Random Positioning Machines (RPMs) have been used since many years as a ground-based model to simulate microgravity. In this review we discuss several aspects of the RPM. Recent technological development has expanded the operative range of the RPM substantially. New possibilities of live cell imaging and partial gravity simulations, for example, are of particular interest. For obtaining valuable and reliable results from RPM experiments, the appropriate use of the RPM is of utmost importance.

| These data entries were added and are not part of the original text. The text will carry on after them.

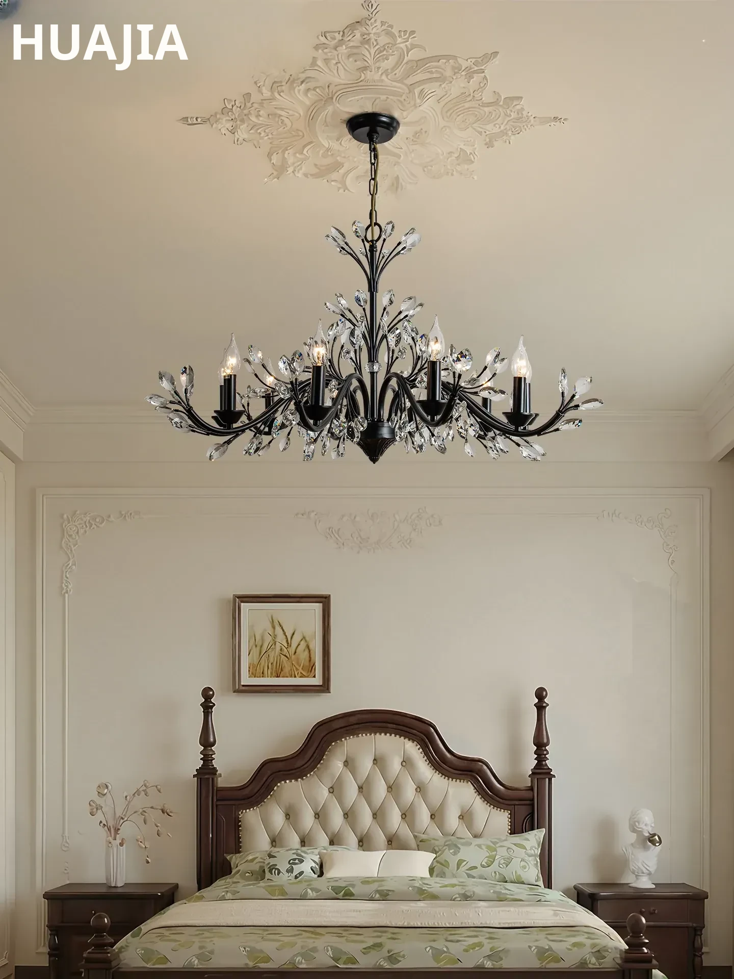 French Style Luxurious Crystal Chandelier - Elegant Black Minimalist Lighting for Living Room, Bedroom, and Dining Room Ambiance
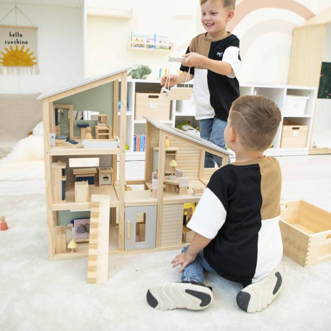 Für welche Variante Sie sich auch entscheiden, das Puppenhaus motiviert Kinder zu immer neuen Rollenspielsituationen, in denen sie beispielsweise ihren Alltag nachspielen oder zu Haushalts- bzw. Einrichtungsprofis werden. Hier ergeben sich immer neue Gesprächs- und Spielgelegenheiten, was ideal ist, um Teamwork sowie soziale Kompetenzen zu stärken.
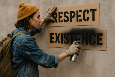 Young activist uses spray paint to create a powerful message on a wall, promoting respect and existence through street art

The simulation of microgravity requires that the RPM’s rotation is faster than the biological process under study, but not so fast that undesired side effects appear. It remains a legitimate question, however, whether the RPM can accurately and reliably simulate microgravity conditions comparable to real microgravity in space. We attempt to answer this question by mathematically analyzing the forces working on the samples while they are mounted on the operating RPM and by comparing data obtained under real microgravity in space and simulated microgravity on the RPM. In conclusion and after taking the mentioned constraints into consideration, we are convinced that simulated microgravity experiments on the RPM are a valid alternative for conducting examinations on the influence of the force of gravity in a fast and straightforward approach.